Excerpted records:
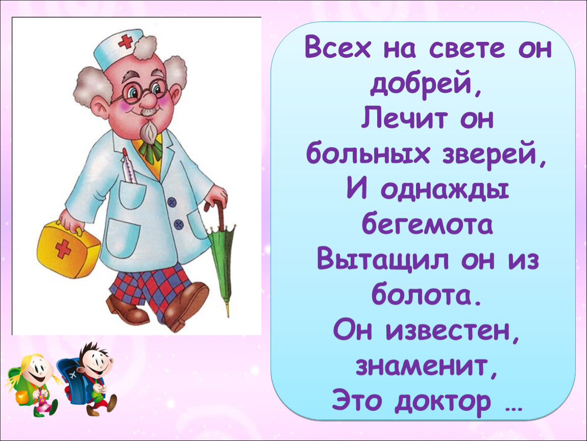 Всех на свете он добрей,Лечит он больных зверей,И однажды бегемотаВытащил он из болота.Он известен, знаменит,Это доктор …
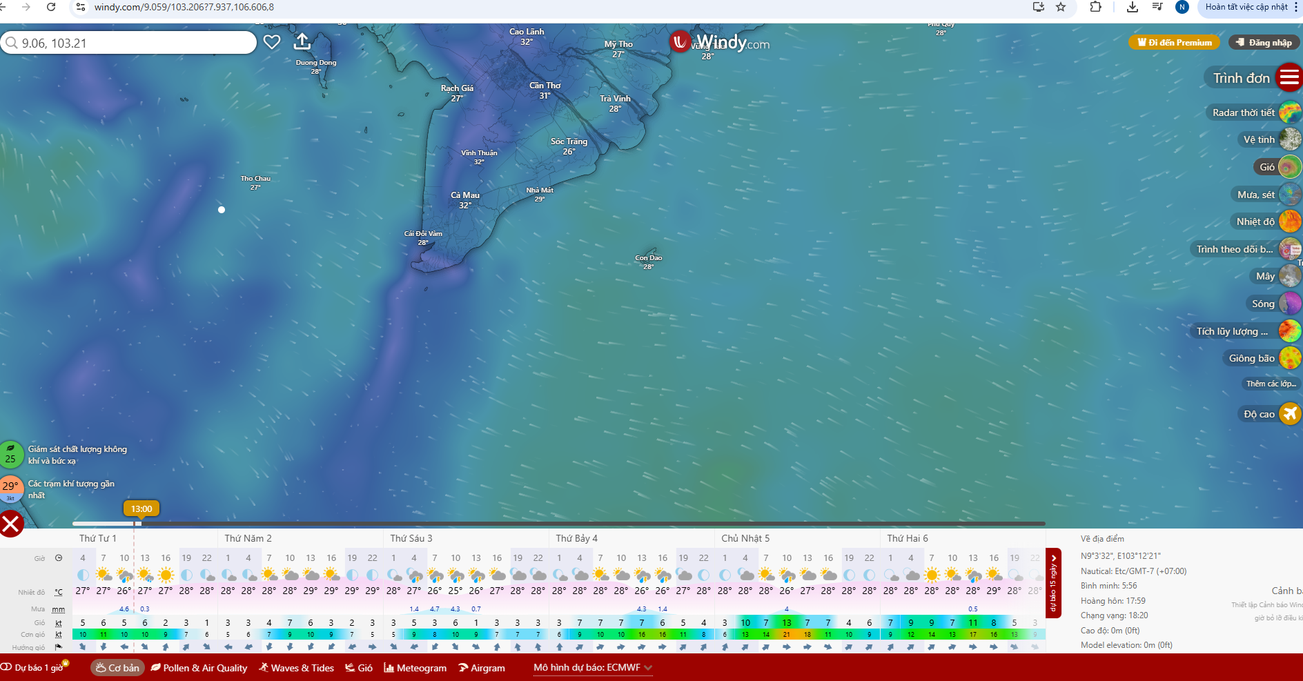 Để có chuyến du lịch Côn Đảo bằng tàu cao tốc trọn vẹn, hành khách nên xem dự báo thời tiết trước chuyến đi khoảng 5 - 7 ngày. Dễ dàng tra cứu thời tiết sớm tại https://www.windy.com/8.683/106.606?7.937,106.606,8
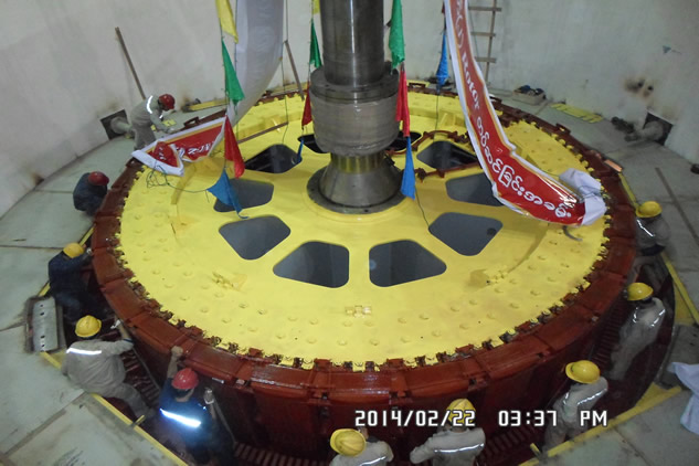 我公司承建的緬甸邦朗二期水電站(上邦朗水電站項目)于2014年2月22日凌晨順利將2#機轉(zhuǎn)子吊裝就位,緬甸電力部各級領(lǐng)導(dǎo)和中方項目部全體人員共同見證了這一刻。在有力的技術(shù)及后勤保障的支持下,業(yè)主單位也對我司該項目的設(shè)計、供貨及機電安裝工作給予了高度肯定。
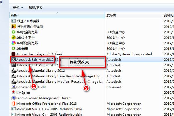 2012,右键单击并单击“卸载/更改”选项,如下图所示,然后进入下一步。
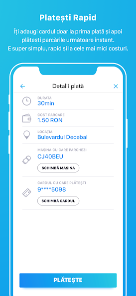 Add your card only for the first payment, and then instantly pay for subsequent parking. You can purchase credits directly from the app or through SelfPay payment stations, to use them for parking payment. The value of one credit is 1 RON. It's super easy and fast.

Exercise description:
Each record should be printed again precisely, though not its pictures.

Result:
 Всех на свете он добрей,Лечит он больных зверей,И однажды бегемотаВытащил он из болота.Он известен, знаменит,Это доктор …
 Để có chuyến du lịch Côn Đảo bằng tàu cao tốc trọn vẹn, hành khách nên xem dự báo thời tiết trước chuyến đi khoảng 5 - 7 ngày. Dễ dàng tra cứu thời tiết sớm tại https://www.windy.com/8.683/106.606?7.937,106.606,8
 我公司承建的緬甸邦朗二期水電站(上邦朗水電站項目)于2014年2月22日凌晨順利將2#機轉(zhuǎn)子吊裝就位,緬甸電力部各級領(lǐng)導(dǎo)和中方項目部全體人員共同見證了這一刻。在有力的技術(shù)及后勤保障的支持下,業(yè)主單位也對我司該項目的設(shè)計、供貨及機電安裝工作給予了高度肯定。
 2012,右键单击并单击“卸载/更改”选项,如下图所示,然后进入下一步。
 Add your card only for the first payment, and then instantly pay for subsequent parking. You can purchase credits directly from the app or through SelfPay payment stations, to use them for parking payment. The value of one credit is 1 RON. It's super easy and fast.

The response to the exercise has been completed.